## Your instructions
For the entries that follow, restate word for word the line containing "市十四届人大常委会第一次会议第一次全体会议现场", the line containing "Gepflegtes und hübsch", and every line that lies between them.
--- Supplied material Enclosed Below ---
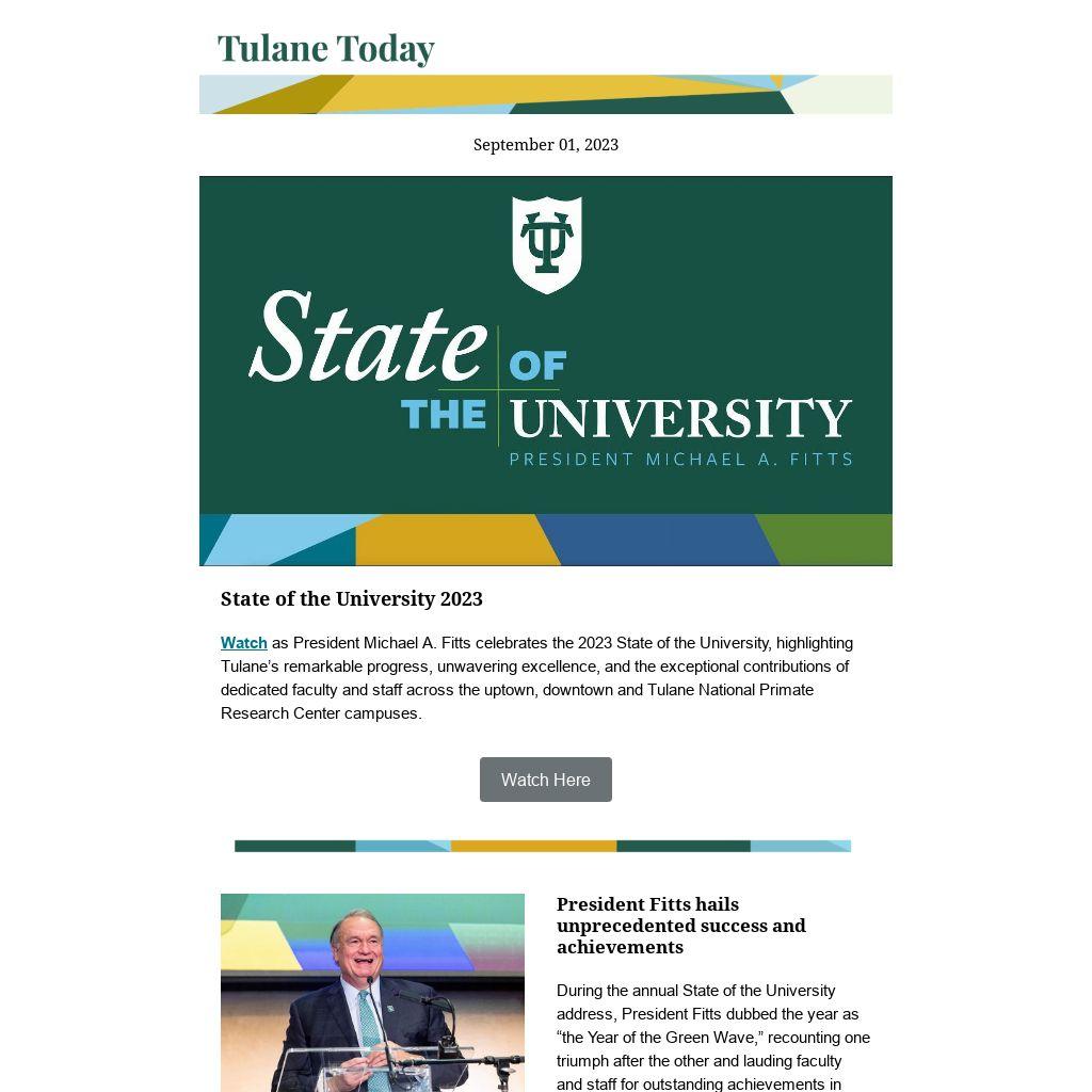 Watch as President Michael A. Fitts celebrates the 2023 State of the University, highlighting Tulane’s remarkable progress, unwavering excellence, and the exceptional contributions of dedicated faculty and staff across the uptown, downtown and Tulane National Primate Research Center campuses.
--- End of Enclosed Supplied material ---
--- Supplied material Enclosed Below ---
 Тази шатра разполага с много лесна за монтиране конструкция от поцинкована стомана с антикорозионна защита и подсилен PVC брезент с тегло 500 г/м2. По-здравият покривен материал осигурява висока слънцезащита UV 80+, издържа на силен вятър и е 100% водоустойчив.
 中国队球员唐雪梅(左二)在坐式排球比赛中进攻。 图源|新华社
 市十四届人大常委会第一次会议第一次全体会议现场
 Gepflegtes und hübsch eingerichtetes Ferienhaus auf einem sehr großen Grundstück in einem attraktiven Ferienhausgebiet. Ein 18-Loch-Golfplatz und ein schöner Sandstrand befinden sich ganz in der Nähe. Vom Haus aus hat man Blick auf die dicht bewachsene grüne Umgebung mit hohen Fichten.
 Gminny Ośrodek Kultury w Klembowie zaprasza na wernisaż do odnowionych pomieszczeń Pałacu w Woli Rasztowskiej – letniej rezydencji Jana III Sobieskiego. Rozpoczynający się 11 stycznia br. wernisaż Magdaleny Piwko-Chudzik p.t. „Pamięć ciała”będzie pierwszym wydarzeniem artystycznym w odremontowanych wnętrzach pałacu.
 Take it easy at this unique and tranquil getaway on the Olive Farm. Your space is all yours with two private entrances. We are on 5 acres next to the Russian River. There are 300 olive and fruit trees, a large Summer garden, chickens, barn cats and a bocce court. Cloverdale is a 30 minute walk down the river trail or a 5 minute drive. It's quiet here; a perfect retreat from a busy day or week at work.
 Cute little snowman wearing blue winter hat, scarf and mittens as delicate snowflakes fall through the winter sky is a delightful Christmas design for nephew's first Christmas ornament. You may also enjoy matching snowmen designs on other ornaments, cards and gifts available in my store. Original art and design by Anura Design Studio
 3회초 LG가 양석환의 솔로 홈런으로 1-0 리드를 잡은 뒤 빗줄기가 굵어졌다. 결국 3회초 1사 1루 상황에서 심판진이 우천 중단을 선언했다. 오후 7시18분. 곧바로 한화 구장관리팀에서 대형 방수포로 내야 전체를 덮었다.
--- End of Enclosed Supplied material ---
## Task answer
 市十四届人大常委会第一次会议第一次全体会议现场
 Gepflegtes und hübsch eingerichtetes Ferienhaus auf einem sehr großen Grundstück in einem attraktiven Ferienhausgebiet. Ein 18-Loch-Golfplatz und ein schöner Sandstrand befinden sich ganz in der Nähe. Vom Haus aus hat man Blick auf die dicht bewachsene grüne Umgebung mit hohen Fichten.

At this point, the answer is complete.